:: THE TASK ::
Omit the pictures and return exactly the stretch of the material below from the line with "Огнетушитель Шар-AFO 0.5" through the line with "抽取共性,保留不同。将共性定".

:: DATA FOR REVIEW ::
=-=-=-=-=

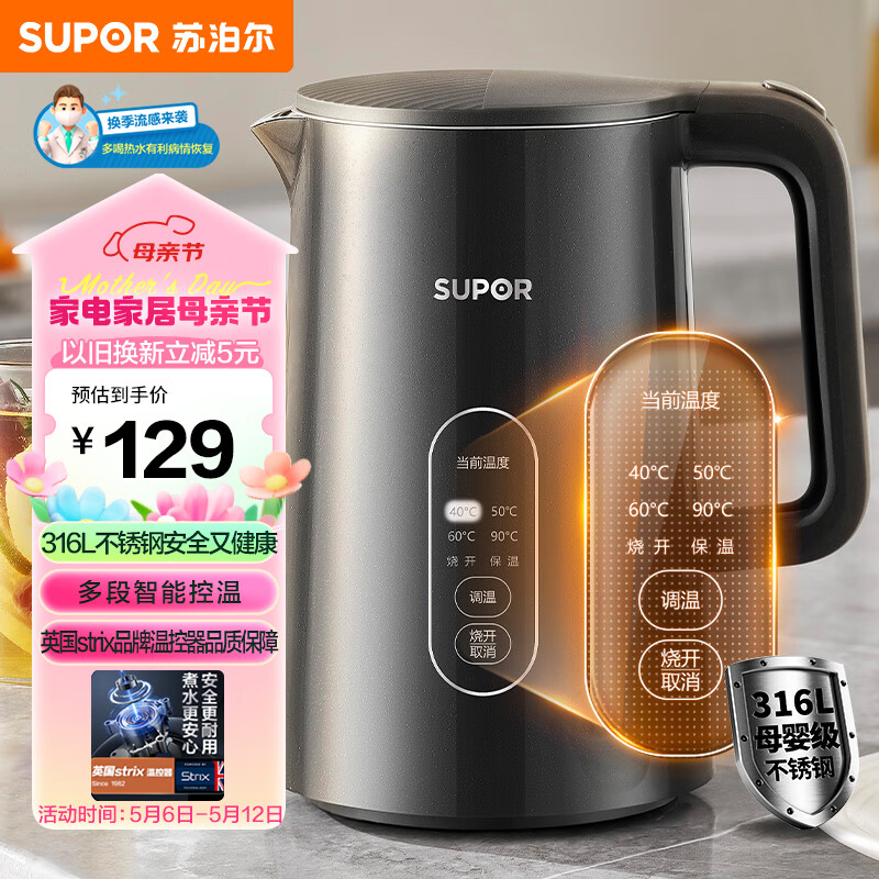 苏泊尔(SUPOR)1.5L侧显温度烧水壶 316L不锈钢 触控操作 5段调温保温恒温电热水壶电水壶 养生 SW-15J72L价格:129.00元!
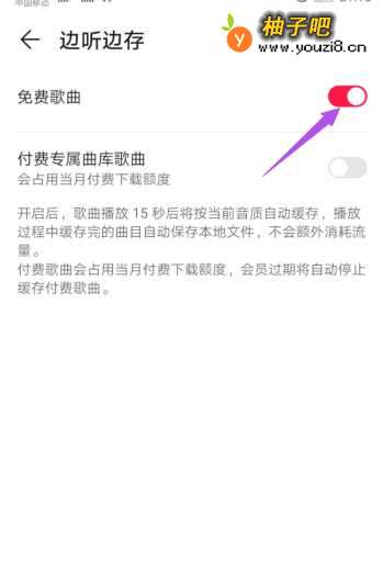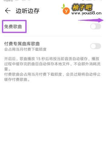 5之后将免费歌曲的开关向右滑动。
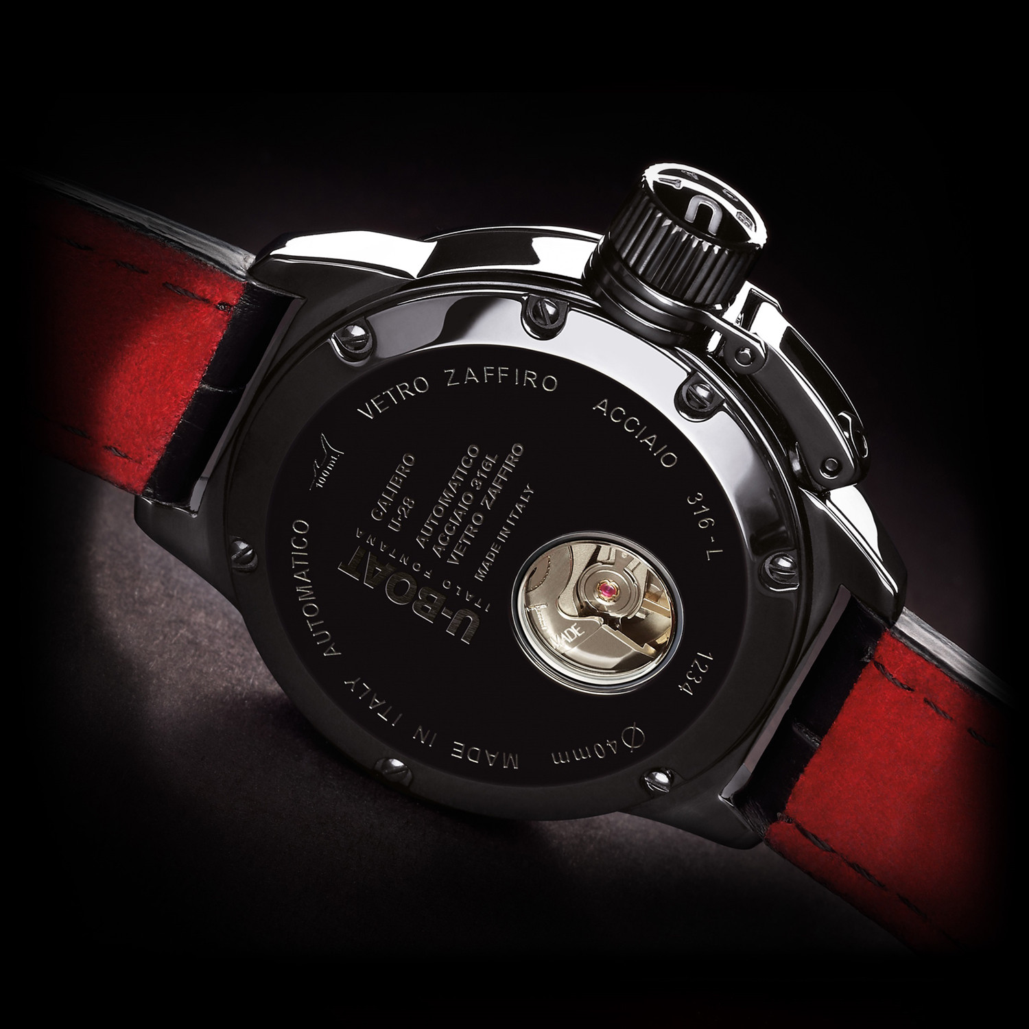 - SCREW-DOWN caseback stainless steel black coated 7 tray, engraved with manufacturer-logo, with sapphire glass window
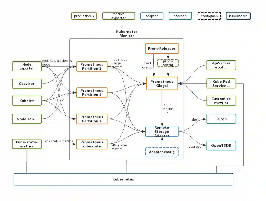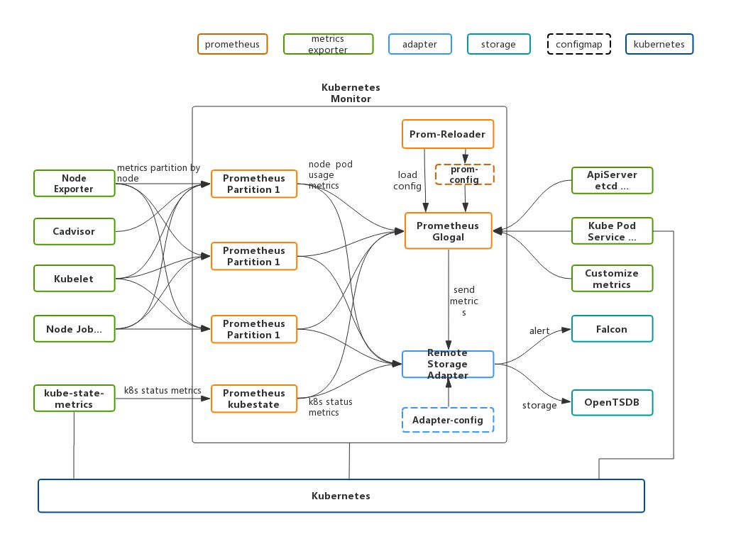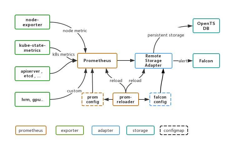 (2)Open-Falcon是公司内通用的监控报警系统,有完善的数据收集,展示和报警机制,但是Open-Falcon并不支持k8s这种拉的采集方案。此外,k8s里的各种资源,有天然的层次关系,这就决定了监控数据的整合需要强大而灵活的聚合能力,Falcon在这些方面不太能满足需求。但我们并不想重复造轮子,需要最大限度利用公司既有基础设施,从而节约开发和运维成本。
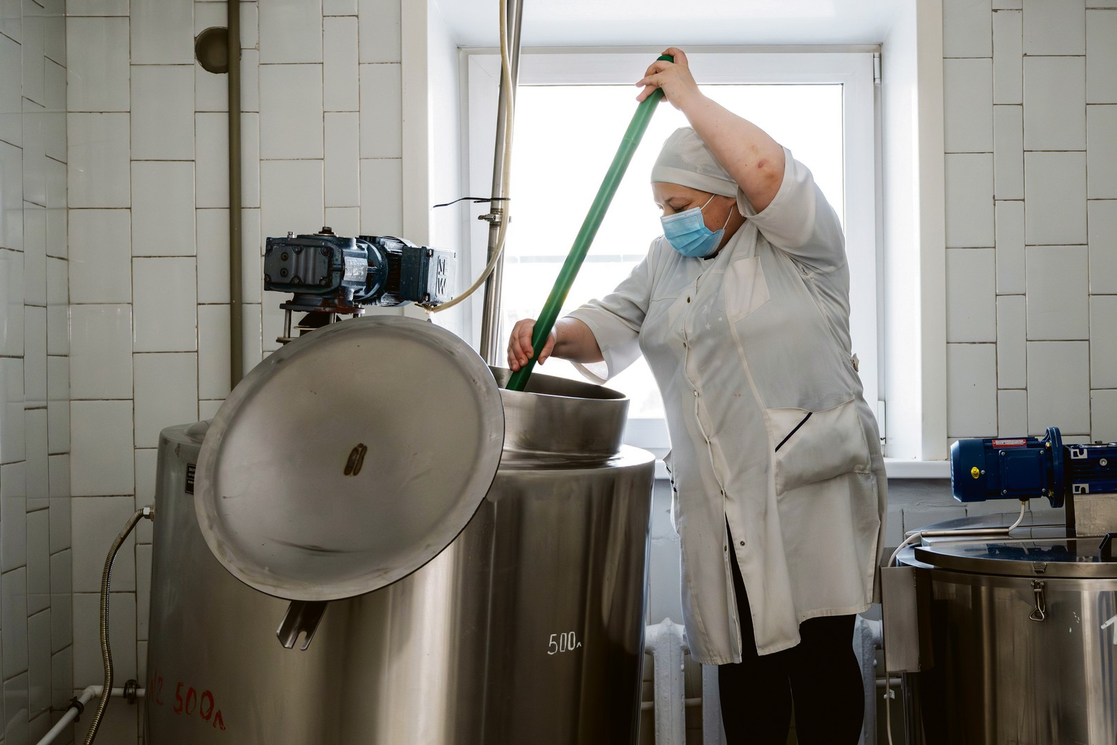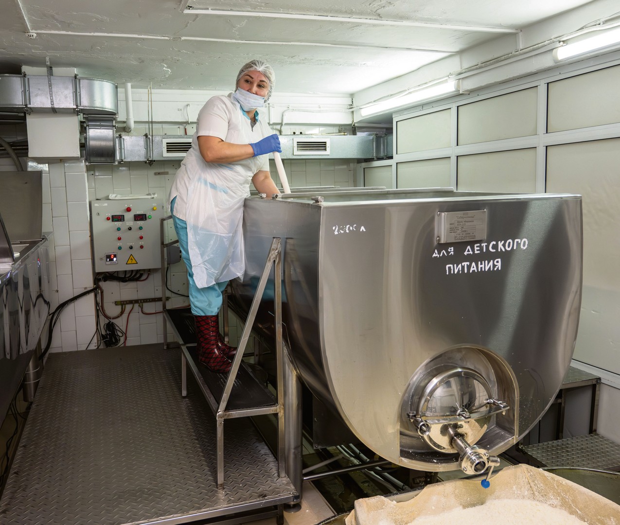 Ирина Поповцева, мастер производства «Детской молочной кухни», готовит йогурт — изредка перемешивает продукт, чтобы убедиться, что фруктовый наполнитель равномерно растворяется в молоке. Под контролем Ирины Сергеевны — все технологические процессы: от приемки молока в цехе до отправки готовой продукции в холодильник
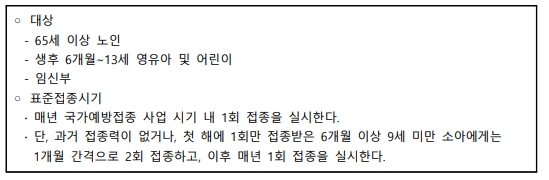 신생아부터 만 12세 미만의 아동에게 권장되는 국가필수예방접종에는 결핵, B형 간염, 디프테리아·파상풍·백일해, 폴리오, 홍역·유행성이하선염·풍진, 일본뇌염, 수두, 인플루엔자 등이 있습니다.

=-=-=-=-=

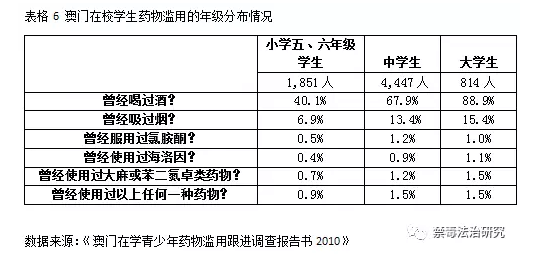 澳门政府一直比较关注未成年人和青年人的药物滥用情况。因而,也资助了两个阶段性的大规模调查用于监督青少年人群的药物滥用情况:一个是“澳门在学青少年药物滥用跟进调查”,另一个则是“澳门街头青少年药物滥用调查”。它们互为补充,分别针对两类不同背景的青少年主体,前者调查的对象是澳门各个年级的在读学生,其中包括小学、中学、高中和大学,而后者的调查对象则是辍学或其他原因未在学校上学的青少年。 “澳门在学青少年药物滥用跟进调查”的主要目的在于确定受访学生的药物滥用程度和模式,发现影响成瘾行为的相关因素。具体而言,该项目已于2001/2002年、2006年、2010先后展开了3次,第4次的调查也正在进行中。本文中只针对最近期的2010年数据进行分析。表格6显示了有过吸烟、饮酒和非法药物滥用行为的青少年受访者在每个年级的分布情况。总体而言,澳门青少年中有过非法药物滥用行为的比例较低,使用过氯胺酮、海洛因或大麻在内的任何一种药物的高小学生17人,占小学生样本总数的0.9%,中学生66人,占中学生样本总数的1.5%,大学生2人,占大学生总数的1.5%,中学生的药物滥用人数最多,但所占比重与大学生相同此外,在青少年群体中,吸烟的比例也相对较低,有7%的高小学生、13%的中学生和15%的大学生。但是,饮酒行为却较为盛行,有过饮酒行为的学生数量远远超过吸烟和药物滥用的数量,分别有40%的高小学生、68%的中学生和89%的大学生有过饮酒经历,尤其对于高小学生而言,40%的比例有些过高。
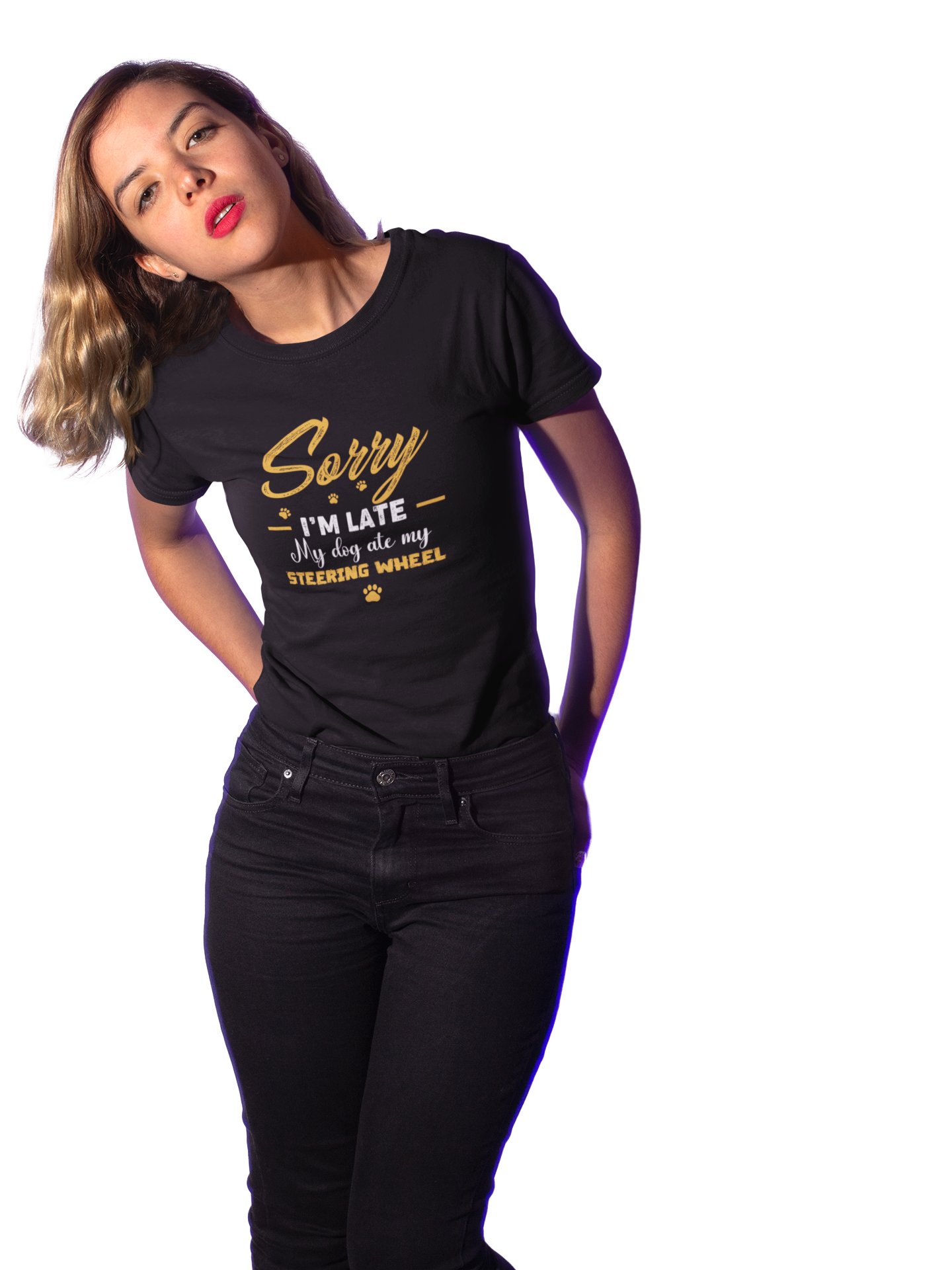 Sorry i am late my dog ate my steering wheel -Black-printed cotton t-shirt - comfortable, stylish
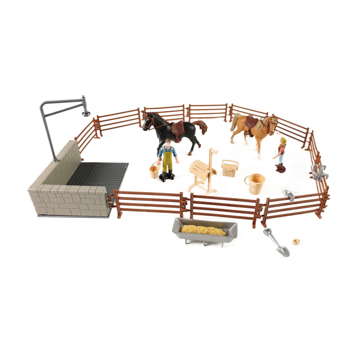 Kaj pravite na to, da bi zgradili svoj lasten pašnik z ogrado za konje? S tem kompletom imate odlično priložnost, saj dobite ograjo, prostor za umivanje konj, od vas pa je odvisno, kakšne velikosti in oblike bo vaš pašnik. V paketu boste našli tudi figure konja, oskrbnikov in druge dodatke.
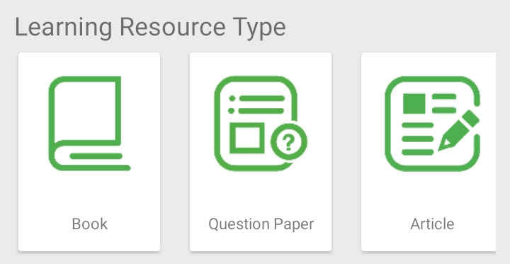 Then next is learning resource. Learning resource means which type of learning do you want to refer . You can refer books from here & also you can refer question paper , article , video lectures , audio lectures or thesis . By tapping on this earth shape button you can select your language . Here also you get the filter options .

=-=-=-=-=

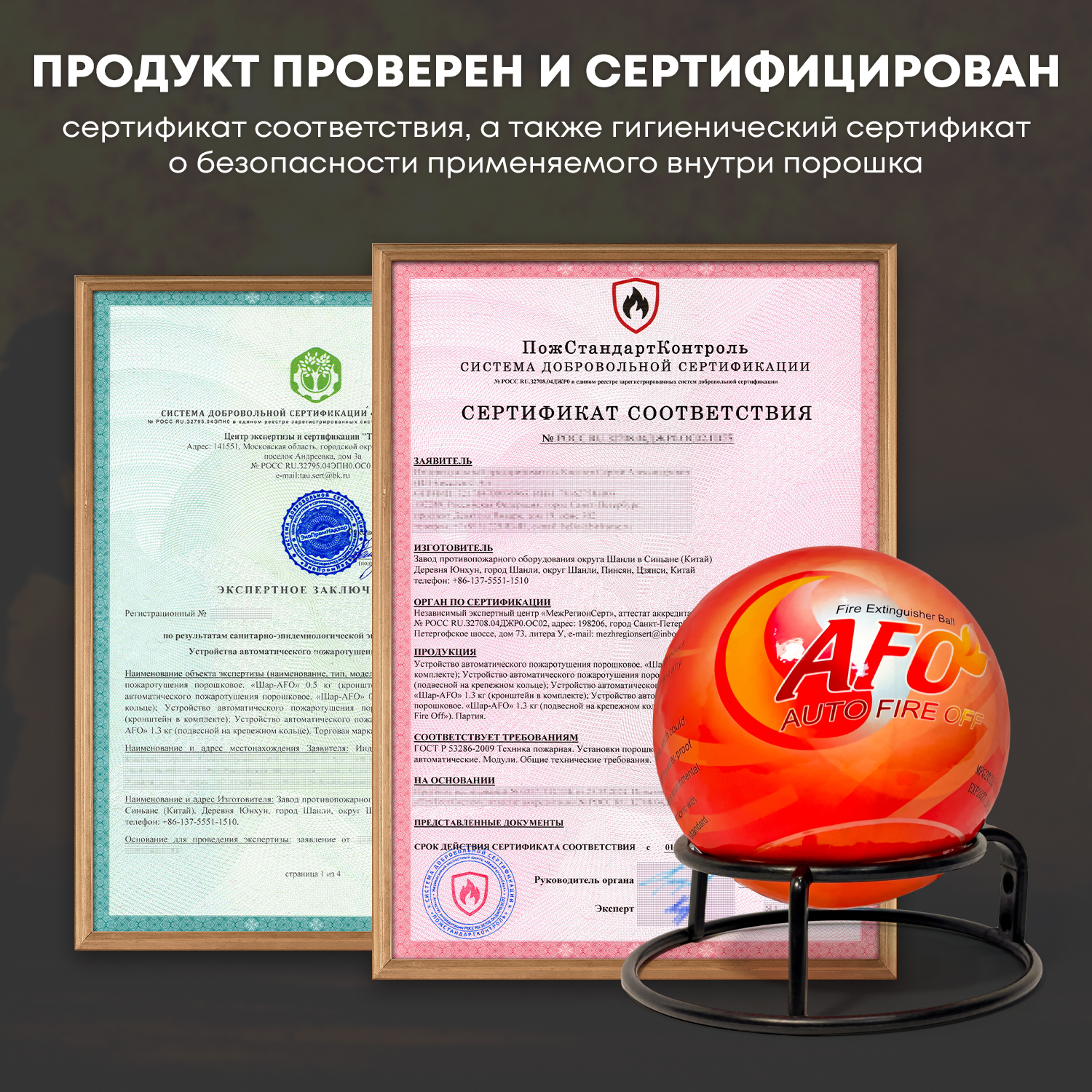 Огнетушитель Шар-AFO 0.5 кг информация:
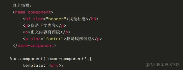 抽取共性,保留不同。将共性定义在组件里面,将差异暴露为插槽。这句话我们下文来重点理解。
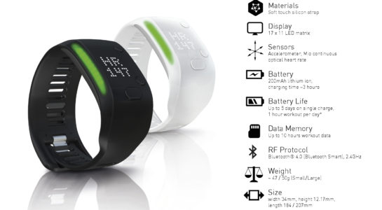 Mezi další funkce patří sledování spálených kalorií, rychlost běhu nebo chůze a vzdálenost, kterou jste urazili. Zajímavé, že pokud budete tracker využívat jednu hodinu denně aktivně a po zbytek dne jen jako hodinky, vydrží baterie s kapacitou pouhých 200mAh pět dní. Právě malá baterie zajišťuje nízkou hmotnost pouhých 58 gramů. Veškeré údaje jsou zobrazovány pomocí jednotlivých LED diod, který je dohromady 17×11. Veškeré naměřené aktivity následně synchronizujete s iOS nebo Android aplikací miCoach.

=-=-=-=-=

:: COMPLETED TASK ::
 Огнетушитель Шар-AFO 0.5 кг информация:
 抽取共性,保留不同。将共性定义在组件里面,将差异暴露为插槽。这句话我们下文来重点理解。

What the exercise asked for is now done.